La ville de Mandalay se compose d’abord d’une petite ville centrale carrée, pouvant avoir 800 mètres environ de côté, ensuite de la « ville intérieure, » vaste carré d’environ 1,800 mètres de côté, enfin de la a ville extérieure, » qui s’étend dans tous les sens. La ville centrale, c’est à proprement parler le palais. Sur chaque face il y a une porte ; celle du nord et celle du sud sont les portes vulgaires, celles des habitués du palais ou des ouvriers employés à l’intérieur ; la porte de l’ouest est toujours fermée et ne s’ouvre que pour donner passage à quelque reine se rendant à la promenade ; celle de l’est est la porte d’honneur par laquelle entrent les personnes qui ont obtenu une audience du souverain ou qui ont à s’entretenir avec les ministres. Dans cette petite ville centrale se trouvent la résidence du souverain et celle de ses 300 femmes, les jardins du roi, la salle de conseil des ministres, la résidence du chef de la religion, la haute cour de justice, l’habitation de l’éléphant soi-disant blanc, l’hôtel de la monnaie, l’arsenal secret.

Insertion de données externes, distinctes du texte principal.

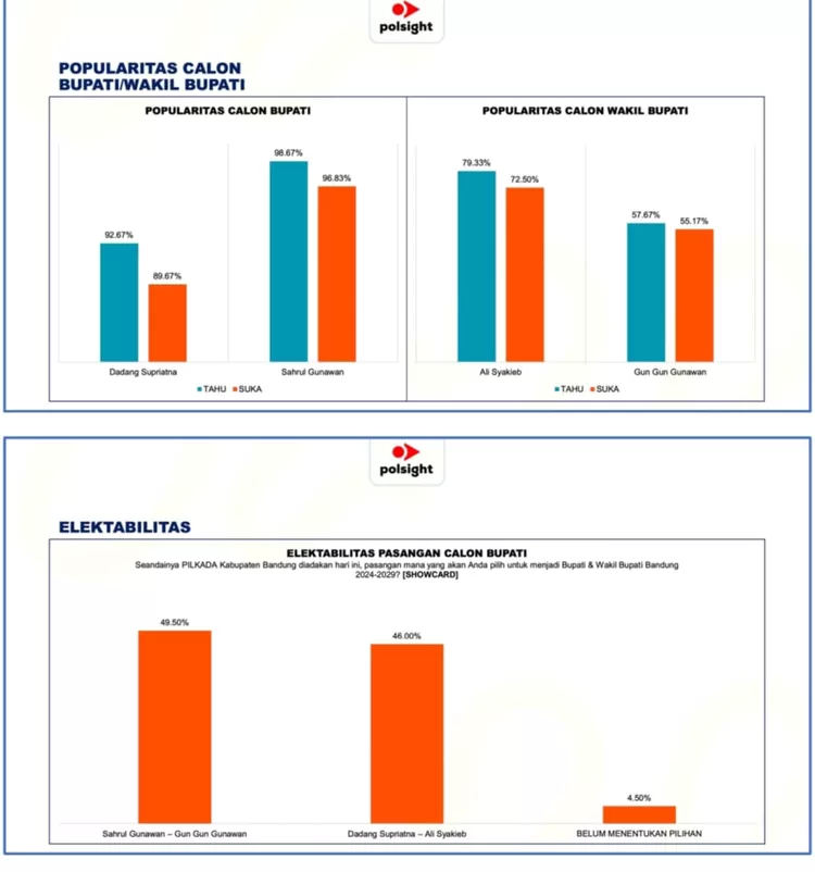 “Pada simulasi elektabilitas, pasangan Sahrul–Gun Gun unggul dengan angka 49,50 persen sementara pasangan Dadang–Ali Syakieb hanya mendapatkan suara sebesar 46,00 persen," katanya.
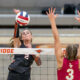 “This was a battle of exchanging points and who could make the least amount of mistakes,” said Coach Alise Bowles. “Set 1 we went up 12-8 with sophomore Aftyn Hurst ( L) at the service line.
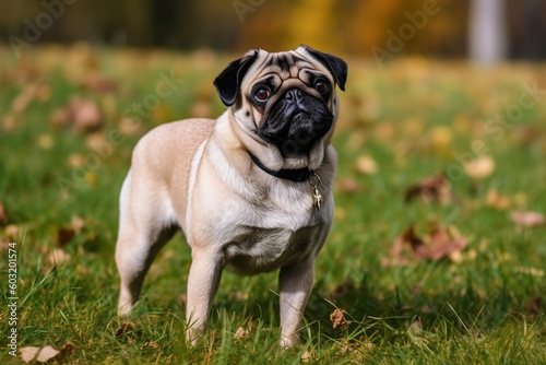 Obraz premium mops posing in the park, pet photography
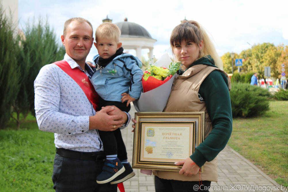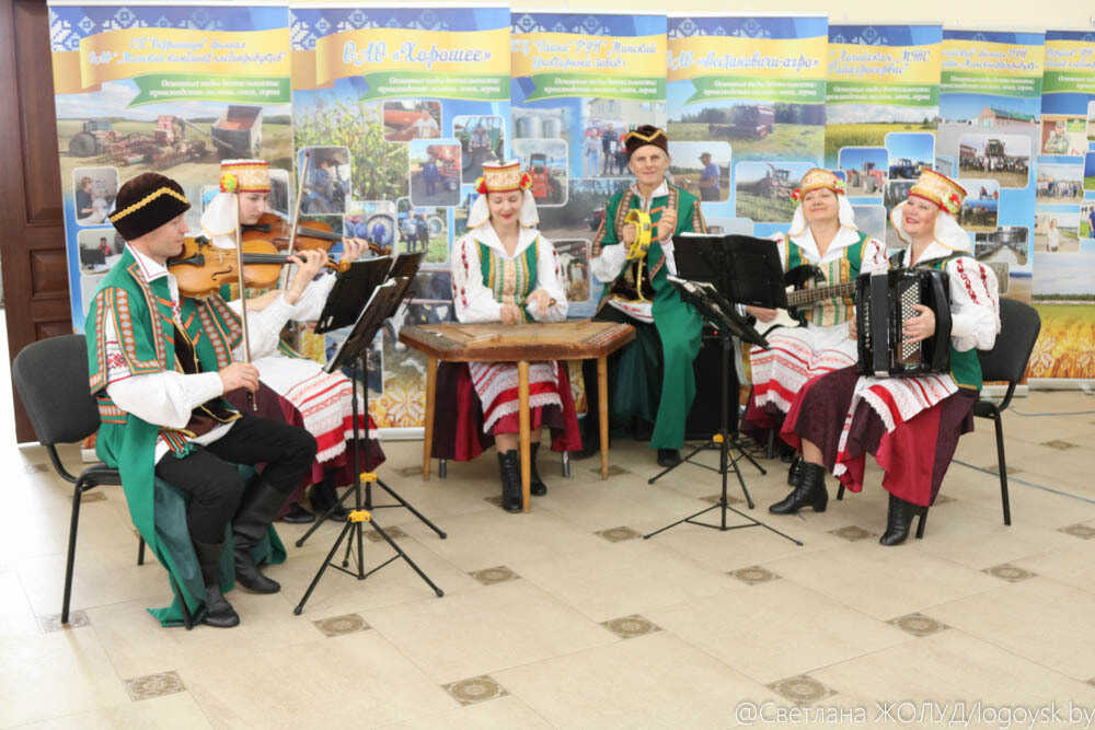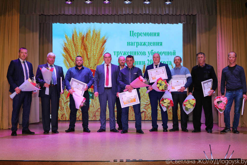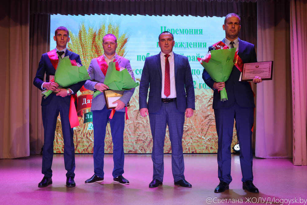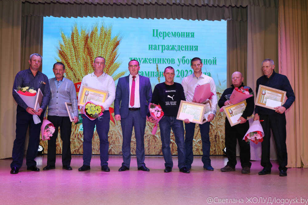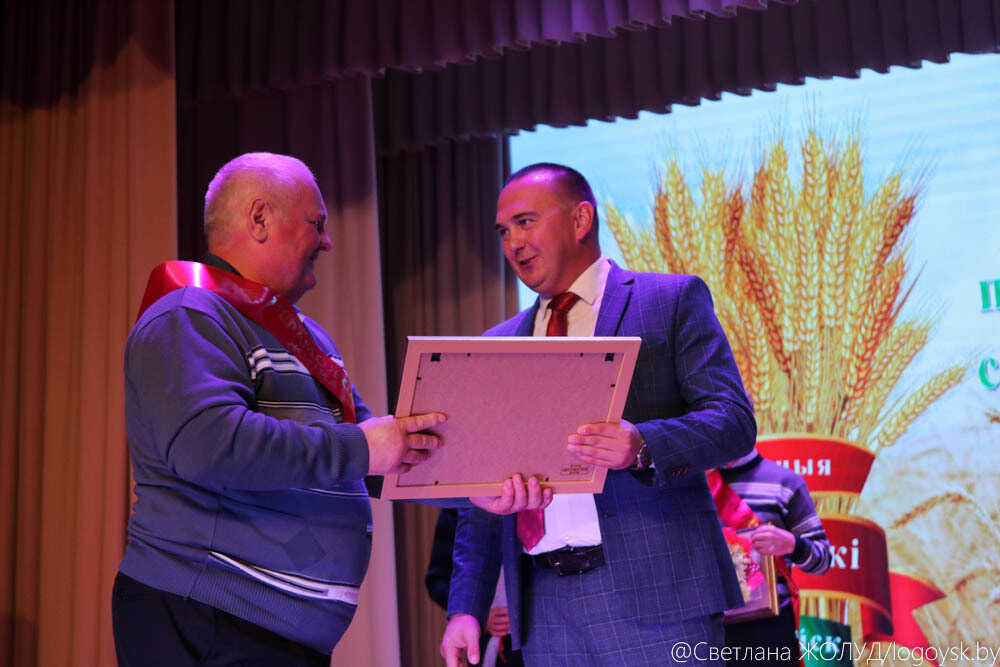 А пока вернемся в зал РЦК, где на сцену один за другим поднимались победители районного соревнования на жатве. Среди хозяйств тройка лидеров в этом году выглядит так: СК "Логойский", ОАО "Косино", СК "Трайпл-Агро".

Tandis que le palais n’est entouré que d’une haute palissade en bois de teck, la « ville intérieure » est bordée d’un grand mur, sur le haut duquel circulent des patrouilles, et tout à l’entour est un canal plein d’eau qui peut avoir 30 mètres de large. Les rues sont toutes à angle droit, ressemblant à nos boulevards, sauf toutefois sous le rapport de l’entretien, et les chars à bœufs, seuls véhicules du pays, doivent présenter des garanties de solidité toutes spéciales pour résister aux cahots qu’ils éprouvent. Les maisons sont en bois de teck et en jonc tressé ; on en voit quelques-unes en maçonnerie, mais c’est l’exception. Sauf dans les quartiers un peu élevés, les maisons sont sur pilotis à cause des inondations périodiques ; l’eau circule ainsi sous le plancher, et on sort de chez soi en barque pendant deux mois de l’année. Il y a enfin la ville extérieure, où l’on distingue le quartier des Chinois, celui des Persans, etc.

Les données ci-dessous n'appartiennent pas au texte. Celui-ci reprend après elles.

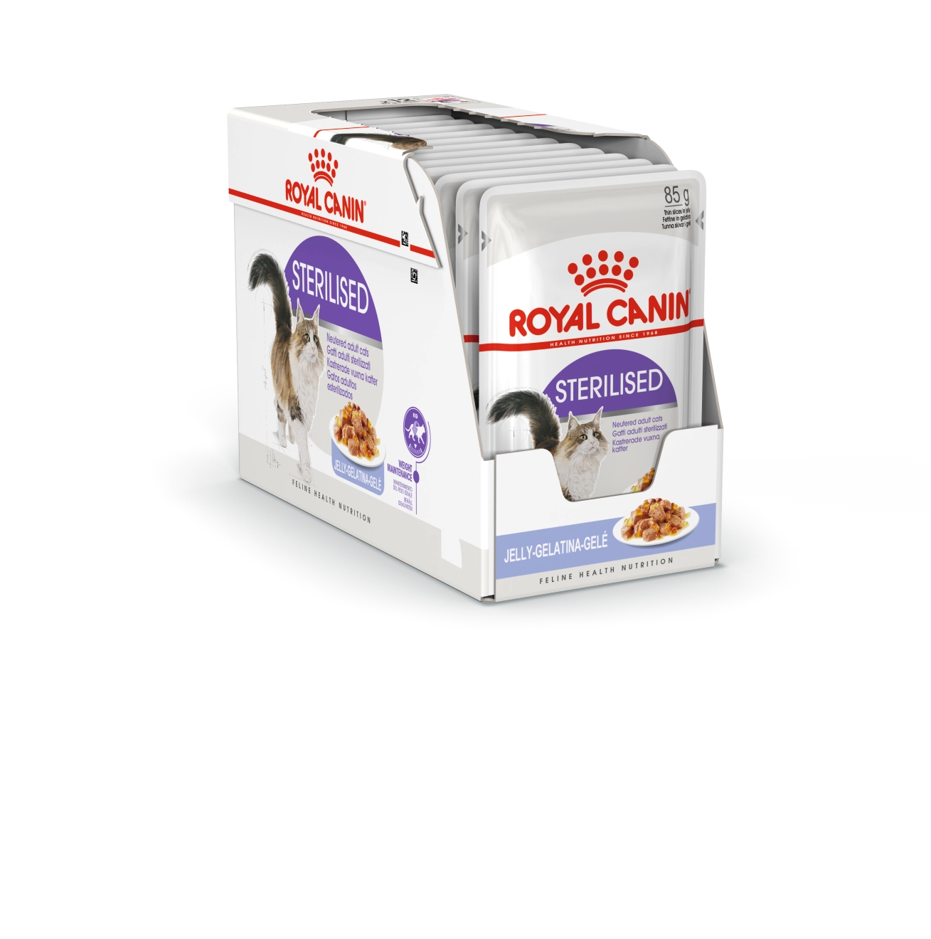Karma ROYAL CANIN Sterilised w sosie została stworzona z myślą o kotach po sterylizacji. Dzięki odpowiednim proporcjom składników oraz delikatnym kawałkom w soczystym sosie, jest chętnie wybierana przez koty. Ograniczona zawartość tłuszczu oraz dodatek L-karnityny pomagają w utrzymaniu prawidłowej wagi i wspierają metabolizm lipidów.
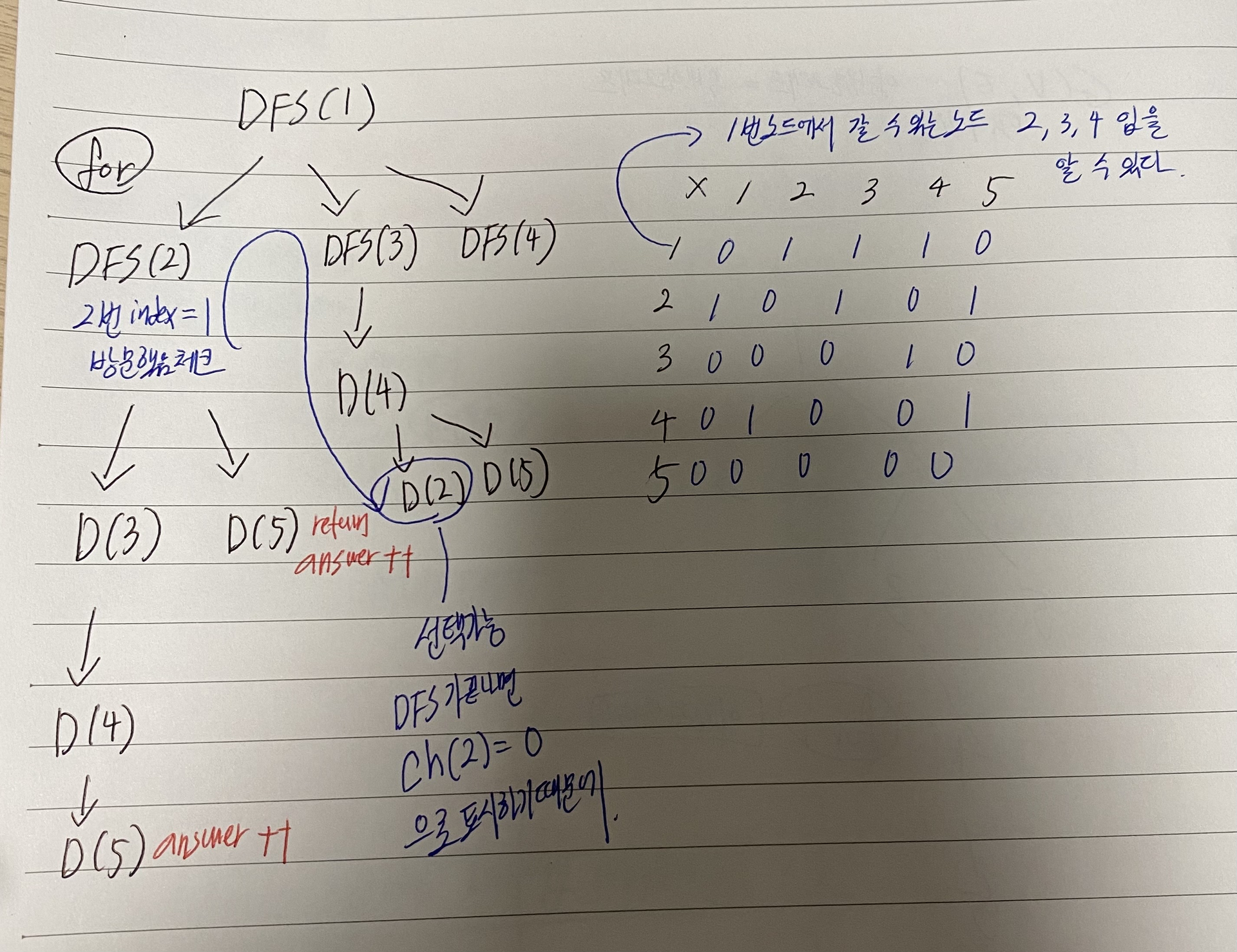 graph[1] (1과 연결된 노드)로 DFS() 재귀 함수를 호출한다. 그리고 ch[1] =1 로 변경해서, 노드 1로부터 뻗어 나간, 노드 DFS()들은 1을 다시 거치지 않게 설정한다.
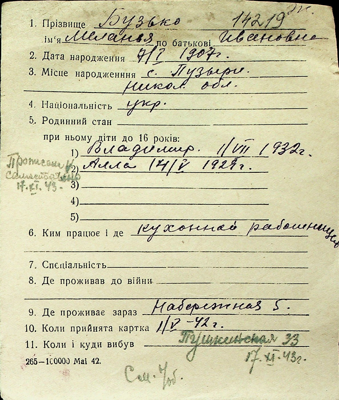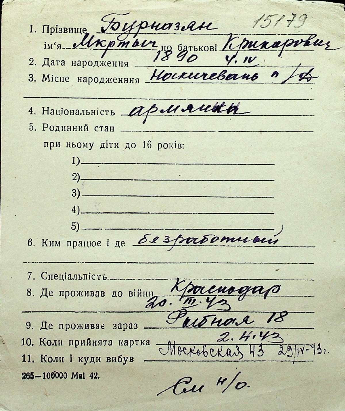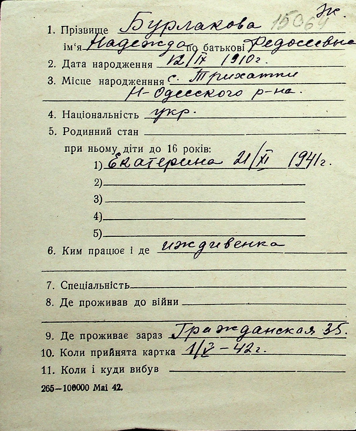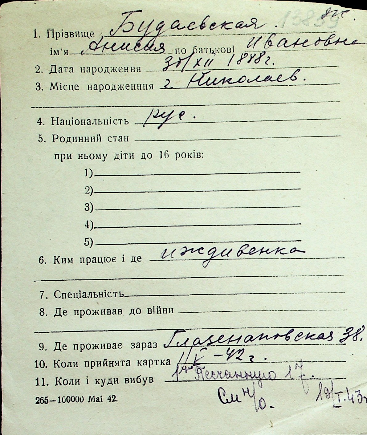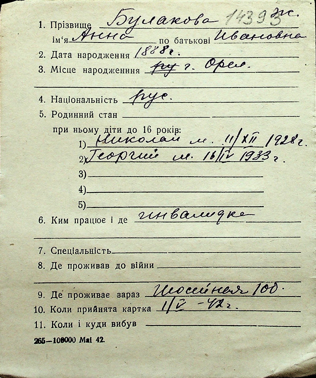 ◦ ◦ Перелік карток на осіб, які мешкали у м. Миколаїв у період окупації 1941–1944 років
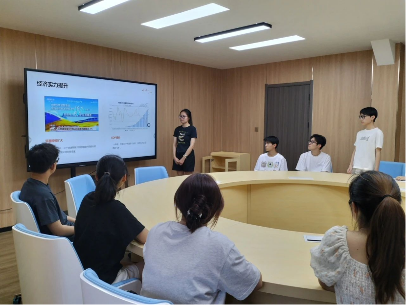 聚焦我国十年来在党的带领下取得的一系列突破性进展,支部成员详细阐述了党在政治外交、经济发展、理念倡导等各个方面采取的战略性措施,生动描述了我国经济稳定增长、民生继续改善的向上向好态势,充分展现出党的创新理论的强大真理力量与新时代强国蓬勃发展的潜力。

La résidence construite pour la mission française était dans cette troisième enceinte, mais très près du canal. Elle consistait en une maison sans étages, bâtie sur pilotis, confortablement distribuée, au milieu d’un vaste enclos d’environ 60 mètres de côté. Les cuisines, les écuries et le logement des officiers birmans attachés au service de la mission constituaient trois autres maisonnettes. Cet enclos avait deux portes, et à chacune d’elles était affecté un corps de garde ; le rôle de ce dernier ne consistait pas à rendre des honneurs ou à nous préserver des voleurs. Des honneurs, ces excellens soldats ne sauraient par quel bout prendre leurs fusils pour les rendre ; quant aux voleurs, nous avons plusieurs fois été victimes de leur industrie, mais la garde ne nous a été d’aucun secours dans ces occasions. Nous pensons qu’elle n’était là que pour épier nos moindres gestes et les rapporter au palais. En effet, pendant près de trois mois de séjour à Mandalay il a été impossible à un membre quelconque de la mission de sortir de la maison sans être suivi par l’un des gardes.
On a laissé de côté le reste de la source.